Records from a data source:
****************
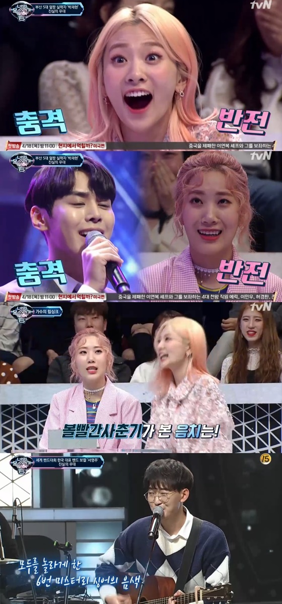 5일 오후 방송된 tvN 예능 프로그램 '너의 목소리가 보여 6'에서는 음치와 실력자를 가리기 위해 고군분투하는 '오늘의 초대 가수' 볼빨간사춘기와 패널들의 모습이 담겼다.
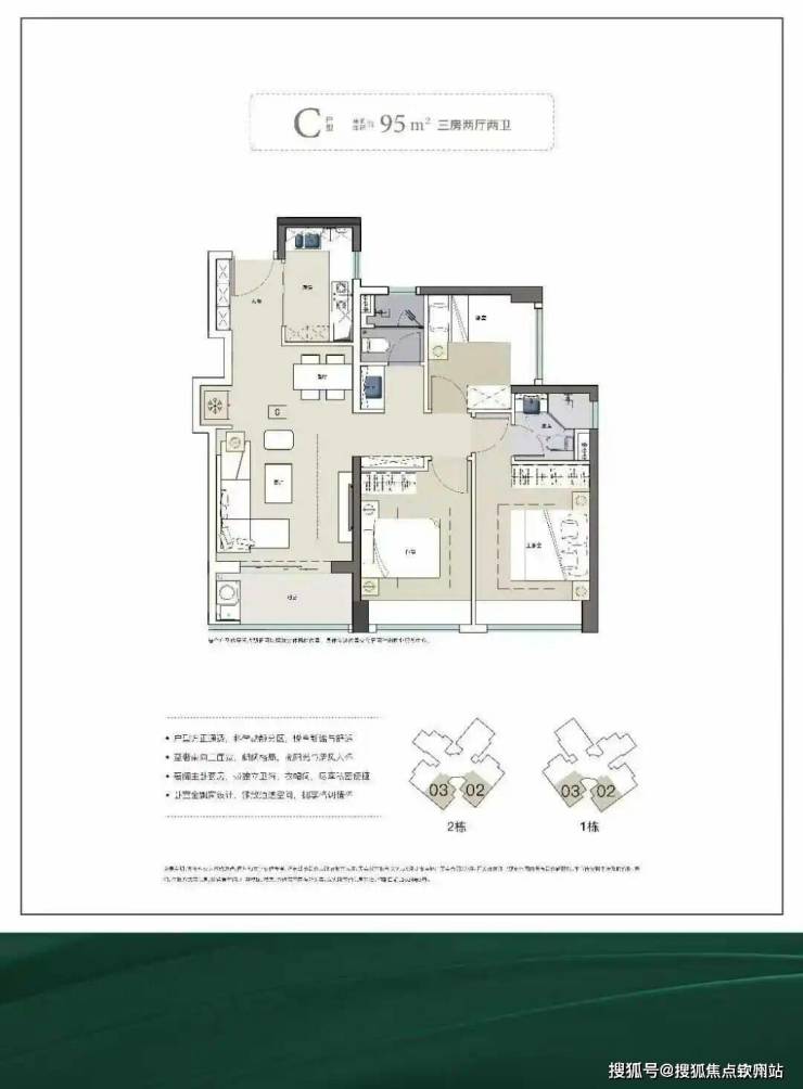 其中75㎡3房1卫124套;95㎡3房2卫186套,主力户型,三口之家改善首选;120㎡4房2卫62套,拥有6.7米超大阳台。
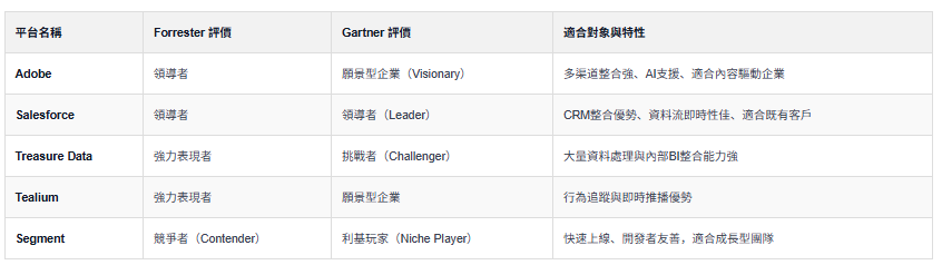 若企業需要在B2C場景中推動個人化與全渠道整合,Forrester推薦 Adobe 與 Salesforce 為成熟的首選平台。
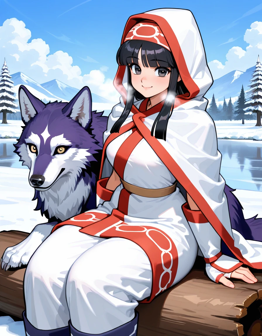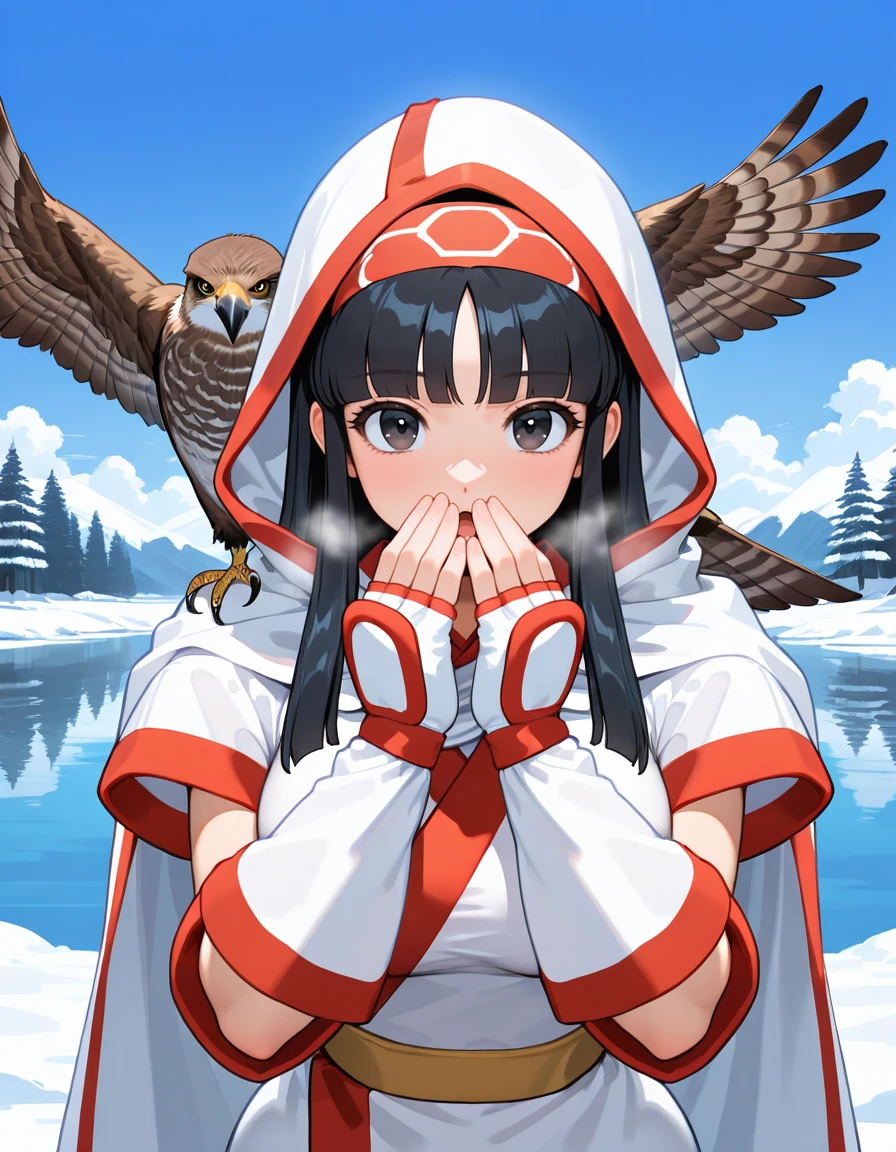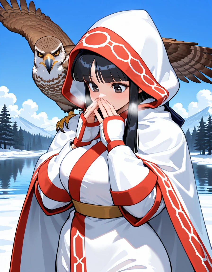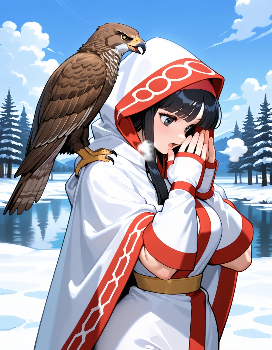 (ainu hooded cloak:1.5), (hood up, no bow:1.5)
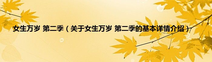 本文关于女生万岁 第二季的基本详情介绍就讲解完毕,希望对大家有所帮助。
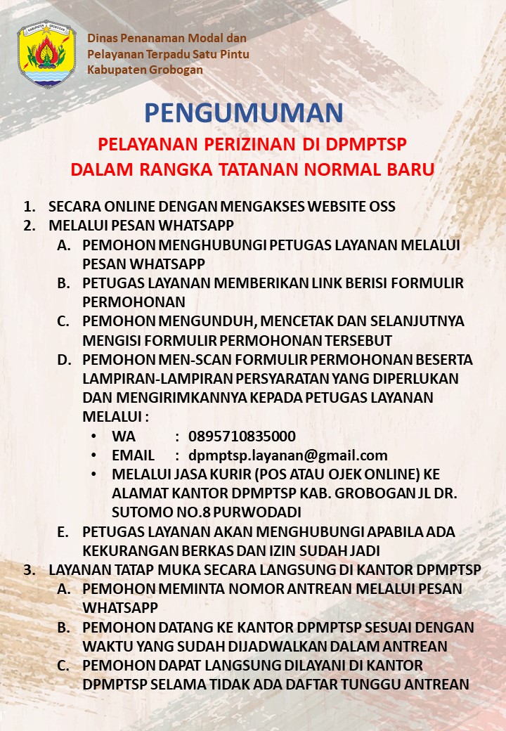 Jalan Paramedis Kompleks Simpang Lima Purwodadi Grobogan (0292) 421193 dpmptsp@grobogan.go.id
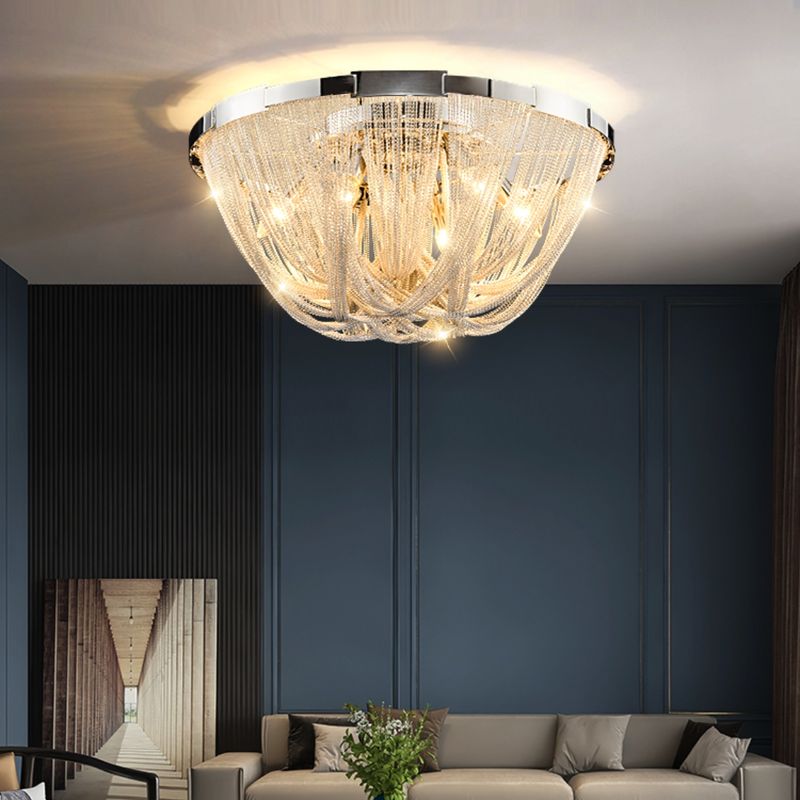 Modern Luxury Tassel Aluminum Chain Bedroom Lamp Nordic Creativity Silver 120x55cm warm light
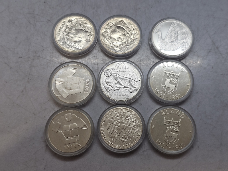 #1603 - 9kpl hopeisia juhlarahoja: 830h=144g & 925h=72g
****************
What to produce: Quote the data exactly, leaving every image out of the copy.

Answer section:
 5일 오후 방송된 tvN 예능 프로그램 '너의 목소리가 보여 6'에서는 음치와 실력자를 가리기 위해 고군분투하는 '오늘의 초대 가수' 볼빨간사춘기와 패널들의 모습이 담겼다.
 其中75㎡3房1卫124套;95㎡3房2卫186套,主力户型,三口之家改善首选;120㎡4房2卫62套,拥有6.7米超大阳台。
 若企業需要在B2C場景中推動個人化與全渠道整合,Forrester推薦 Adobe 與 Salesforce 為成熟的首選平台。
 (ainu hooded cloak:1.5), (hood up, no bow:1.5)
 本文关于女生万岁 第二季的基本详情介绍就讲解完毕,希望对大家有所帮助。
 Jalan Paramedis Kompleks Simpang Lima Purwodadi Grobogan (0292) 421193 dpmptsp@grobogan.go.id
 Modern Luxury Tassel Aluminum Chain Bedroom Lamp Nordic Creativity Silver 120x55cm warm light
 #1603 - 9kpl hopeisia juhlarahoja: 830h=144g & 925h=72g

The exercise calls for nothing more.